Does Life Imitiate Zhang Yimou Movies, or Does Zhang Yimou Just Make Sh*t Up?


Under the streetlamp, a man crouches on the ground. “Needles and thread”, he calls. The snow muffles the transmission of his words, and the night covers him. No one comes.

A woman in labor helplessly bleeds to a slow death. The instruments clatter to the floor as the young nurse panics, and the doctor, still in shackles, goes into convulsions after being fed buns and water after days without food.

A pregnant woman again asks a man, again, for an apology. The man, from within his yard, throws money at her instead. It falls to the ground, flips thinly in the air, scatters. The woman does not pick it up.

A child’s face. Wide-eyed, pencil in hand. Earnest and dirty in black and white.

These are the images of China that I can still remember I had before coming here. Going through them mentally now, as I write, they are just as powerful as they were eight, ten years ago.

I started watching Chinese movies at around age 17. I had taken a beginner’s Japanese course in tenth grade, and my interest in Chinese cinema drew from my interest in anime. After exhausting all of the anime on the video store “Asian” shelf, Zhang Yimou movies followed naturally. I was a fan of neither Shirokawa nor Bruce Lee.

For anyone who has seen Chinese movies like “To Live”, “Red Sorghum”, “Qiu Ju” or “In the Heat of the Sun”, the imagery is unforgettable. The plots are unadorned, characters often give to silence, and the shots are long, all which allow time for the images to sink deep in one’s mind. I must have watched “To Live” five times. I cried each time, several times throughout the movie. I wondered, why are Asian movies so sad? Years later, an Asian-American friend finally enlightened me: “It’s because Asians think sadness is beautiful.

After exhausting that video store collection, I thought little of China until college, and even then, it was more of an afterthought, a Plan B. I was intent on a degree in Japanese, or International Relations. Freshman year I took a course way out of my league called “Political Economics of Southeast Asia”, a graduate-level seminar. The professor pitied me, and rather than write a paper on the topic at hand, had me write a book review of Kristof and Wu Dunn’s China Wakes.

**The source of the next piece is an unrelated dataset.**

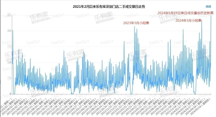 深圳头部中介机构乐有家披露的数据显示,新政后首个周末(5月18-19日),乐有家深圳门店二手看房量对比以往周末上涨127%,成为2018年以来的最高点,超越2020年二季度的历史高峰期;门店二手房成交量对比以往周末上涨117%,5月19日单日成交量创下2021年2月以来的最高点。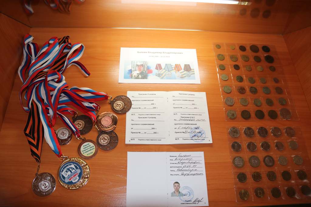 Она поблагодарила семьи воинов за предоставленные материалы. Среди них – кольчуга, сплетенная руками Алексея Гундина. Рядом – монеты, которые коллекционировал Владимир Балкин, и его медали, завоеванные в соревнованиях по пауэрлифтингу. Рядом – стихи Валерия Усольцева. Тут же альбом Николая Нестеренко. Он его составлял, находясь в зоне СВО. В альбоме – фотографии его и боевых товарищей, а также надписи, сделанные рукой Николая. Тут и почтовые марки, которые Александр Зенков собирал с подросткового возраста.

It was thus vicariously through that (now) New York Times Op Ed journalist and his wife that I witnessed T****n, danced with corrupt politicians, and sans entry permit took a train through the impoverished countryside. It was also the photo pages of China Wakes that featured that now-famous schoolchild, her big black eyes representing the millions of other Chinese schoolchildren and their big black eyes and their collective dream to end the depravity through education.

As it turned out, neither Japanese nor International Relations were my forte, so I made the bold decision to screw it all and start again from zero with Chinese, promising myself that a year of intensive study abroad would get me across the threshold of acquiring proficiency in somethingforgodsakes. I indeed must have crossed some threshold, because after all these years in China behind me, I still don’t want to go back.

P.S. Learnings since my first impressions? 1) Just like America is not like Hollywood, China is not like Zhang Yimou’s countryside. For emphasis, Chinese people hate Zhang Yimou (even though they make sure that each of his new films beats the previous in box office earnings). 2) Journalists are contortion artists that are always able to kaleidoscope significant yet neutral information to fit western audiences’ preconceptions of The Other as democratizing/not democratizing/threatening/stark and pitiful/changing for the better/enigmatic. Mr. French and colleagues, don’t disappoint us.